→ TASK DETAILS
Give the data again exactly as written, without any of its pictures.

→ DATA EXCERPT
"""

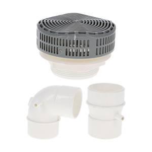 Made of stainless steel, with a screwed grid and sealing gasket. Designed for massage pump suction. Comes with a fitting: straight or 90° elbow.
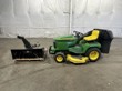 Description: John Deere 345 48'' powered by a 20hp liquid-cooled V-twin engine and equipped with power steering. Runs and operates with 1,205 hours. Includes a bagger and 42" snowthrower attachment.
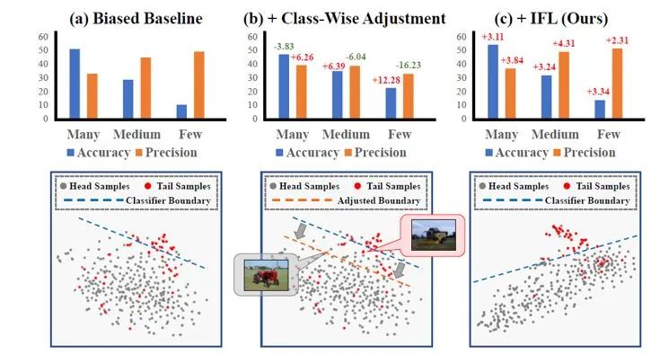 ,除了传统的正确率(accuracy)外我们也引入了准确率(precision),从而更好的分析传统长尾分类算法的 Accuracy-Precision Trade-off [6] 现象。

"""

→ ANSWER
 Made of stainless steel, with a screwed grid and sealing gasket. Designed for massage pump suction. Comes with a fitting: straight or 90° elbow.
 Description: John Deere 345 48'' powered by a 20hp liquid-cooled V-twin engine and equipped with power steering. Runs and operates with 1,205 hours. Includes a bagger and 42" snowthrower attachment.
 ,除了传统的正确率(accuracy)外我们也引入了准确率(precision),从而更好的分析传统长尾分类算法的 Accuracy-Precision Trade-off [6] 现象。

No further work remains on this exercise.